_ACTIVITY:_ Please retype the listing below exactly as it stands, skipping any pictures.

_GIVEN INFORMATION:_
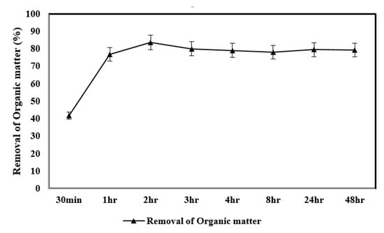 The effect of reaction time on the removal of organic matter is shown in Figure 5. With the dosages of 5.15 M H2O2 and 5.15 mM Fe2+ at pH 7, the removal of organic matter increased with reaction time until 2 h. There is no significant change in the removal of organic matter after 2 h. The maximum removal of organic matter 83.7% was reached at 2 h.
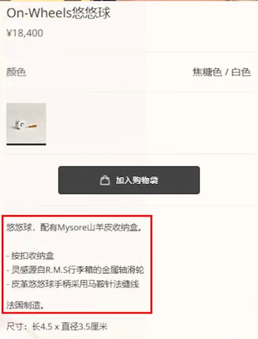 针对这款高价悠悠球,爱马仕官方客服回应称,该产品售价18400元,是近期推出的新品,采用了皮革材质搭配马鞍针缝线的手柄设计,收纳盒则使用了天然珍贵的山羊皮。
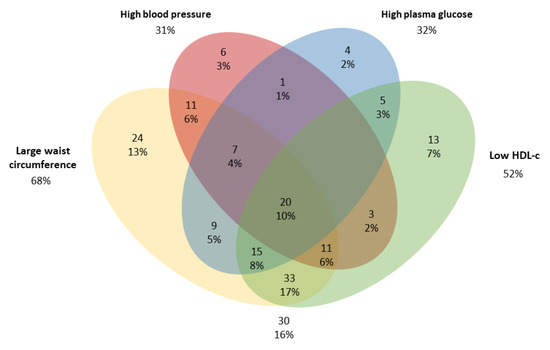 Venn diagram of components of the metabolic syndrome (MetS) in adults from a population-based study in urban Brazil (n = 192). The cut-offs were: large waist circumference (≥80 cm for women or ≥90 cm for men); Low HDL-c (<50 mg/dL for women or <40 mg/dL for men); high blood pressure (systolic pressure ≥ 130 and diastolic pressure ≥ 85 mmHg) and High plasma glucose ≥ 100 mg/dL [1].

_ANSWER BOX:_
 The effect of reaction time on the removal of organic matter is shown in Figure 5. With the dosages of 5.15 M H2O2 and 5.15 mM Fe2+ at pH 7, the removal of organic matter increased with reaction time until 2 h. There is no significant change in the removal of organic matter after 2 h. The maximum removal of organic matter 83.7% was reached at 2 h.
 针对这款高价悠悠球,爱马仕官方客服回应称,该产品售价18400元,是近期推出的新品,采用了皮革材质搭配马鞍针缝线的手柄设计,收纳盒则使用了天然珍贵的山羊皮。
 Venn diagram of components of the metabolic syndrome (MetS) in adults from a population-based study in urban Brazil (n = 192). The cut-offs were: large waist circumference (≥80 cm for women or ≥90 cm for men); Low HDL-c (<50 mg/dL for women or <40 mg/dL for men); high blood pressure (systolic pressure ≥ 130 and diastolic pressure ≥ 85 mmHg) and High plasma glucose ≥ 100 mg/dL [1].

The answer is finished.